Serving for Inference and Training
Once features and training sets are registered, they can be served via Featureform’s Python API.
Serving for Inference
When a feature is defined, it is materialized into the inference store associated with the definition. If a feature has a timestamp, only its most recent value is stored in the inference store. It can be thought of as a feature cache for inference time.
To serve a feature we initialize a serving client, specify the names and variants of the features we wish to serve, and provide the entity whos feature values to look up. Underneath the hood, Featureform will keep a mapping between a feature’s name and variant and the tables that they are actually stored in. This allows user’s to stick to the Featureform level of abstraction.

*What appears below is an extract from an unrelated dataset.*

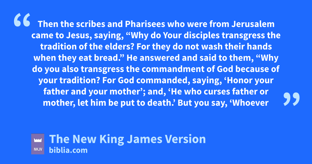 3 He answered and said to them, “Why do you also transgress the commandment of God because of your tradition? 4 For God commanded, saying, c‘Honor your father and your mother’; and, d‘He who curses father or mother, let him be put to death.’ 5 But you say, ‘Whoever says to his father or mother, e“Whatever profit you might have received from me is a gift to God”—6 then he need not honor his father 1or mother.’ Thus you have made the 2commandment of God of no effect by your tradition. 7 fHypocrites! Well did Isaiah prophesy about you, saying:

fpf = client.features([("fpf", "quickstart")], {"passenger": "1"})
On-Demand Features
On-demand features do not require any materialization, they are calculated at serving time. You can define your on-demand features by simply adding the ondemand_feature
decorator to your function. The function will need to have serving_client
, params
, entities
, as part of it’s definition.
import featureform as ff
@ff.ondemand_feature(name="gender_category", variant="quickstart")
def gender_category(serving_client, params, entities):
passenger_id = params[0]
df = params[1]
df['Sex'] = df['Sex'].map( {'female': 0, 'male': 1} ).astype(int)
return df.loc[df["PassengerId"] == passenger_id]["Sex"].values[0]
At serving time, you can request on-demand features similar to pre-calculated features and alongside pre-calculated features.
features = client.features([("fpf", "quickstart"), ("gender_category", "quickstart")], {"passenger": "1"}, params=["1", df])
Wait
The wait()
function can be used to wait until a feature table is fully materialized before attempting to lookup the feature. It has an optional timeout in second to wait until for the materialization completion.
fpf = client.features([("fpf", "quickstart")], {"passenger": "1"}).wait(timeout=60)
Serving for Training
When a training set is defined, it is materialized into the offline store associated with the definition. The label from the training set is zipped with the features to form a point-in-time correct dataset. Once that’s complete we can initialize a ServingClient and loop through the our dataset
import featureform as ff
client = ff.ServingClient(host)
dataset = client.training_set(name, variant)
for row in dataset:
# print(row.features(), row.label())
# Train Model
Dataset API
The Dataset API takes inspiration from Tensorflow’s Dataset API, and both can be used very similarly.
Repeat
import featureform as ff
client = ff.ServingClient(host)
for row in client.training_set(name, variant).repeat(5):
# Run through 5 epochs of the dataset
Shuffle
import featureform as ff
client = ff.ServingClient(host)
buffer_size = 1000
for row in client.training_set(name, variant).shuffle(buffer_size):
# Run through a shuffled dataset
Batch
import featureform as ff
client = ff.ServingClient(host)
for batch in client.training_set(name, variant).batch(8):
# Run batches of features and labels
Wait
The wait()
function can be used to wait until the specified training set is ready to be served before attempting to call it. It has an optional timeout in seconds to wait for the training set to be complete.
import featureform as ff
client = ff.ServingClient(host)
for row in client.training_set(name, variant).wait(timeout=60):
# Run batches of features and labels
Putting it all together
The commands above can be chained together.
import featureform as ff
client = ff.ServingClient(host)
dataset = client.training_set(name, variant).repeat(5).shuffle(1000).batch(64)
for feature_batch, label_batch in dataset:
# Run through a shuffled dataset 5x in batches of 64
Model Registration
We can optionally include a model name at the time of serving features or training sets to create a logical grouping of models and their dependencies.
fpf = client.features([("fpf", "quickstart")], {"passenger": "1"}, model="passengers_random_forest")
Featureform tracks which features and training sets are associated with models registered at serving time. Both features
and training_set
methods accept the same optional model
param, which is typically a string. We can see a list of models in the dashboard and drill down into a specific model to see the features and/or training sets that are associated with it.